153. Find Minimum in Rotated Sorted Array
假設一個長度為 n 的數組按升序排序後被旋轉了 1 到 n 次。例如,數組 nums = [0,1,2,4,5,6,7] 可能變成:[4,5,6,7,0,1,2] 如果它被旋轉了 4 次。
[0,1,2,4,5,6,7] 如果它被旋轉了 7 次。
注意,將數組 [a[0], a[1], a[2], ..., a[n-1]] 旋轉 1 次會得到數組 [a[n-1], a[0], a[1], a[2], ..., a[n-2]]。

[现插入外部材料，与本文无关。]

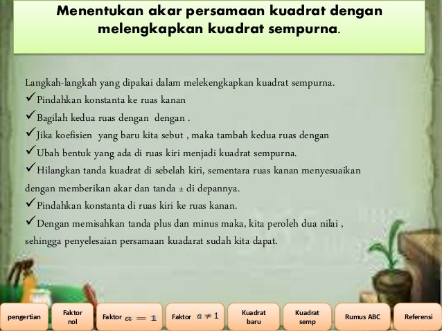 03 Persamaan Kuadrat Present By Sugiyono Ppt Download from slideplayer.info More persamaan kuadrat interactive worksheets. Please copy and paste this embed script to where you want to embed. Persamaan kuadrat adalah salah satu persamaan dalam rumus matematika dan memiliki variabel dengan pangkat yang tertinggi sehingga kuadrat akan dihasilkan dengan bilangan yang sama. Dari komponen yang sudah diberikan, apakah kalian sudah dapat memahami materi mengenai pemfaktoran bentuk aljabar khususnya persamaan kuadrat??? Text of ppt persamaan kuadrat. Menentukan akar persamaan dengan melengkapi kuadrat sempurna. Kevin marpaung persamaan dan fungsi kuadrat bentuk umum persamaan kuadrat adalah : Pemfaktoran melengkapkan kuadrat sempurna menggunakan.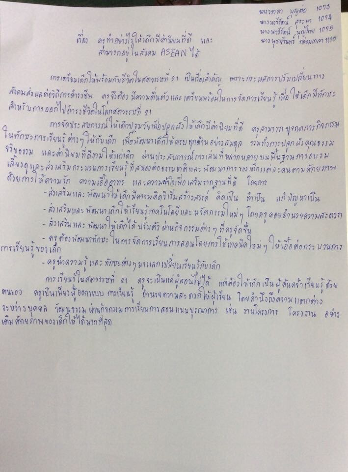 ครูทำอย่างไรให้เด็กมีค่านิยมที่ดีสามารถอยู่ในสังคม ASEAN ได้ สัปดาห์ที่ 13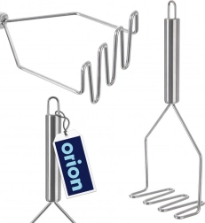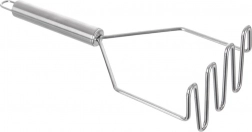 Practical stainless steel potato masher with a length of 24 cm and a working surface of 10.5 × 6 cm for quick and even mashing. Thanks to the all-metal construction it is durable, easy to clean, and dishwasher safe. The ergonomic handle with hanging loop allows for a comfortable grip and hanging on a rail. Ideal for smooth purée from potatoes, vegetables, and fruit.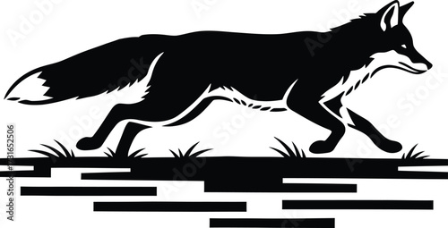 Detailed silhouette of a cunning wild fox running across the grassy field, forest animal predator black and white vector illustration.

給定一個由唯一元素組成的已排序旋轉數組 nums,返回此數組的最小元素。
你必須設計一個運行時間為 O(log n) 的算法。
範例 :
輸入: nums = [3,4,5,1,2] 輸出: 1 說明: 原始數組是 [1,2,3,4,5],旋轉了 3 次。
Python
from typing import List
class Solution:
def findMin(self, nums: List[int]) -> int:
left, right = 0, len(nums) - 1
while left < right:
mid = (left + right) // 2
if nums[mid] > nums[right]:
# The minimum is in the right part
left = mid + 1
else:
# The minimum is in the left part including mid
right = mid
return nums[left]
16.97MB, 50ms
C++
#include <vector>
using namespace std;
class Solution {
public:
int findMin(vector<int>& nums) {
int left = 0, right = nums.size() - 1;
while (left < right) {
int mid = left + (right - left) / 2;
if (nums[mid] > nums[right]) {
// The minimum is in the right part
left = mid + 1;
} else {
// The minimum is in the left part including mid
right = mid;
}
}
return nums[left];
}
};
12.65MB, 7ms
Javascript
/**
* @param {number[]} nums
* @return {number}
*/
var findMin = function(nums) {
let left = 0;
let right = nums.length - 1;
while (left < right) {
let mid = Math.floor((left + right) / 2);
if (nums[mid] > nums[right]) {
// The minimum is in the right part
left = mid + 1;
} else {
// The minimum is in the left part including mid
right = mid;
}
}
return nums[left];
};
49.30MB, 78ms